In the first example l the expected result is, for every subarray (asuming the list as converted) should be [False, True]
What's is the problem using np.any? or the data types for the converted list are not the right ones?
If you have a list of list of bools, you could skip numpy and use a simple comprehension:
In [1]: l = [[False, False], [True, False]]
In [2]: [any(subl) for subl in l]
Out[2]: [False, True]
If the sublists are all the same length, you can pass the list directly to np.array to get a numpy array of bools:
In [3]: import numpy as np
In [4]: result = np.array(l)
In [5]: result
Out[5]:
array([[False, False],
[ True, False]], dtype=bool)
Then you can use the any method on axis 1 to get the result for each row:
In [6]: result.any(axis=1) # or `np.any(result, axis=1)`
Out[6]: array([False, True], dtype=bool)
If the sublists are not all the same length, then a numpy array might not be the best data structure for this problem.

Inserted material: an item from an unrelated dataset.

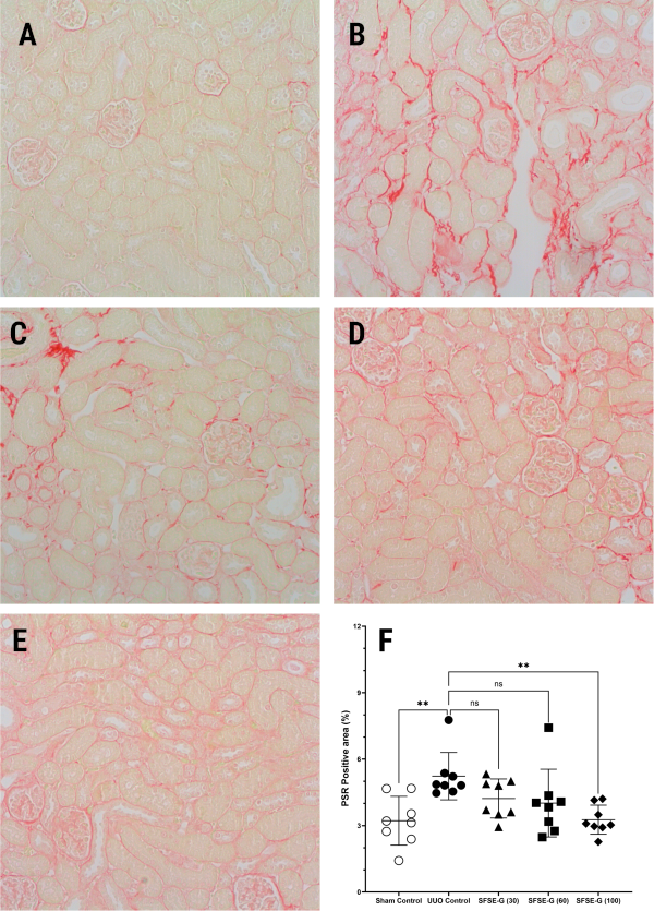 Representative photomicrographs of kidney sections stained with PSR () demonstrated extensive collagen deposition (stained as intense red color) in the tubulointerstitial sections of kidneys from of UUO control (fig. 2B) (but not from Sham Control (fig. 2A), confirming the development of significant RIF. SFSE-G treatment resulted in dose-dependent protection, with visibly less collagen deposition (vs. UUO control), suggesting a fibrosis-preventive potential (fig. 2C to fig. 2E).

This part of my answer should be considered a "side bar" to what I wrote above. If the sublists have variable lengths, the list comprehension given above is my recommendation. The following is an alternative that uses an advanced numpy feature. I only suggest it because it looks like you already have the data structures needed to used numpy's reduceat function. It works without having to explicitly form the list of lists.
From reading your code, I infer the following:
extracted is a list of bools. You are splitting this up into sublists.

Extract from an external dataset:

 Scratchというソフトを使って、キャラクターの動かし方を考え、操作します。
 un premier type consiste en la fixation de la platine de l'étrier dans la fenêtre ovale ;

aindices is a list of integers. Each consecutive pair of integers in aindices specifies a range in extracted that is a sublist.
len(aux_regions) is the number of sublists; I'll call this n. The length of aindices is n+1, and the last value in aindices is the length of extracted.
For example, if the data looks like this:
In [74]: extracted
Out[74]: [False, True, False, False, False, False, True, True, True, True, False, False]
In [75]: aindices
Out[75]: [0, 3, 7, 10, 12]
it means there are four sublists:
In [76]: extracted[0:3]
Out[76]: [False, True, False]
In [77]: extracted[3:7]
Out[77]: [False, False, False, True]
In [78]: extracted[7:10]
Out[78]: [True, True, True]
In [79]: extracted[10:12]
Out[79]: [False, False]
With these data structures, you are set up to use the reduceat feature of numpy. The ufunc in this case is logical_or. You can compute the result with this one line:
In [80]: np.logical_or.reduceat(extracted, aindices[:-1])
Out[80]: array([ True, True, True, False], dtype=bool)